▶ **WHAT THE TASK REQUIRES**: Could the listing below be returned exactly, with its pictures left out?

▶ **STORED DATA**:
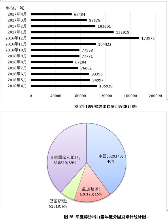 2017年4月,印度出口棉紗6.5萬噸,較3月份減少2.4萬噸(圖24);2016年9月-2017年4月,印度累計(jì)出口棉紗82.6萬噸,同比減少4.2萬噸,主要出口目的地為中國、孟加拉國和巴基斯坦,占比分別為40%、15%和6%(圖25)。
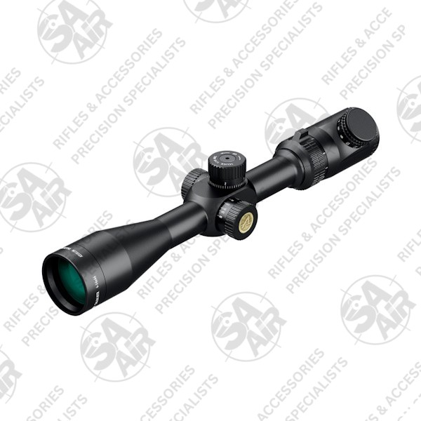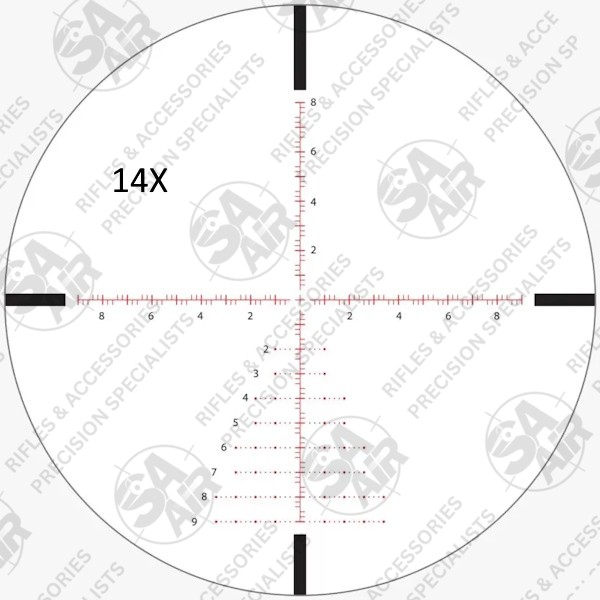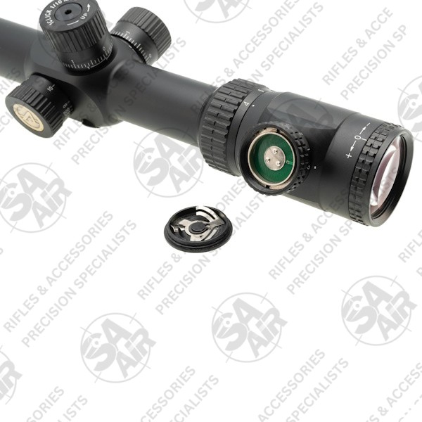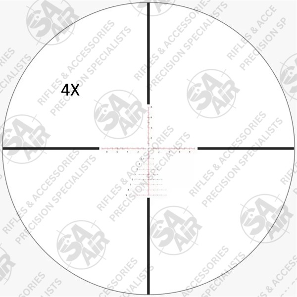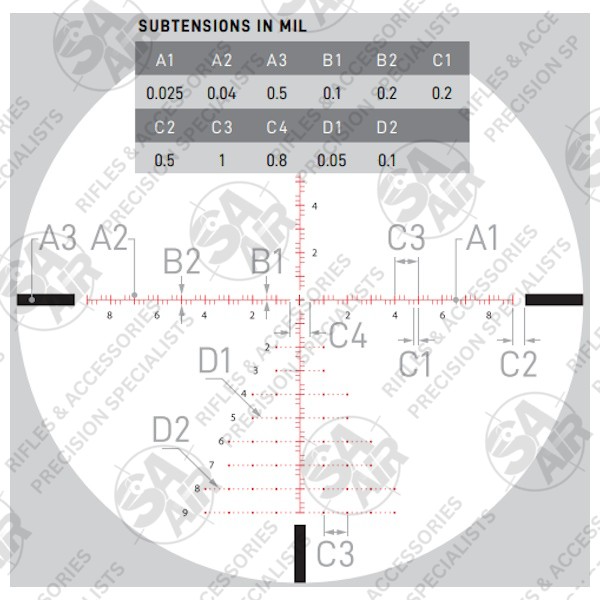 This scope only comes in the MIL (MRAD) version with the APLR2 illuminated reticle, set at FFP, so the detailed subtensions will always stay matched in all magnifications. The adjustment graduation is 0.1 MIL per click, with the maximum adjustment for elevation and windage of 18 MIL for both.
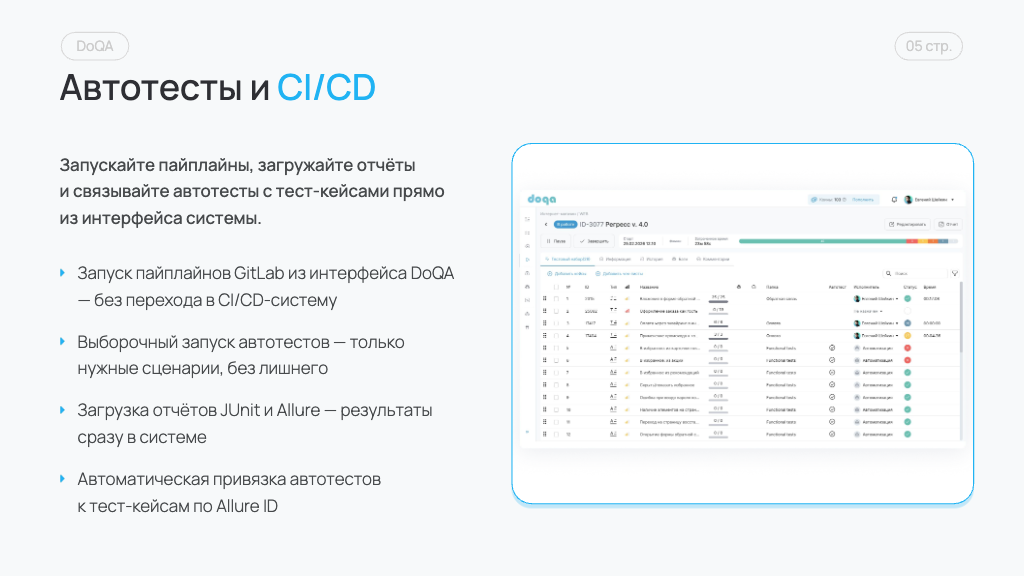 Автотесты — Загрузка отчётов о прогонах автотестов в форматах JUnit XML и Allure. — Автоматическая отправка результатов через публичный API или CLI-утилиту. — Результаты ручного и автоматизированного тестирования в одной системе — без переключения между инструментами.
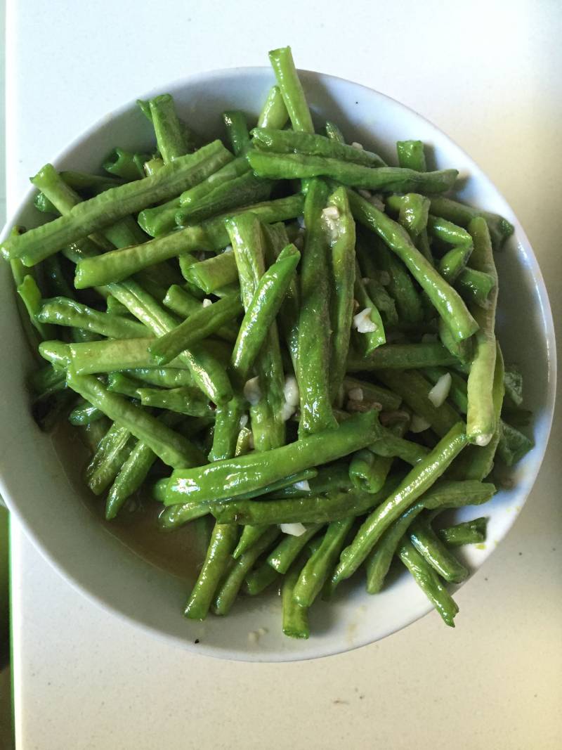 1:蒜拍碎切成蒜泥,长豆洗净,摘成小段

▶ **RESULT OF THIS EXERCISE**:
 2017年4月,印度出口棉紗6.5萬噸,較3月份減少2.4萬噸(圖24);2016年9月-2017年4月,印度累計(jì)出口棉紗82.6萬噸,同比減少4.2萬噸,主要出口目的地為中國、孟加拉國和巴基斯坦,占比分別為40%、15%和6%(圖25)。
 This scope only comes in the MIL (MRAD) version with the APLR2 illuminated reticle, set at FFP, so the detailed subtensions will always stay matched in all magnifications. The adjustment graduation is 0.1 MIL per click, with the maximum adjustment for elevation and windage of 18 MIL for both.
 Автотесты — Загрузка отчётов о прогонах автотестов в форматах JUnit XML и Allure. — Автоматическая отправка результатов через публичный API или CLI-утилиту. — Результаты ручного и автоматизированного тестирования в одной системе — без переключения между инструментами.
 1:蒜拍碎切成蒜泥,长豆洗净,摘成小段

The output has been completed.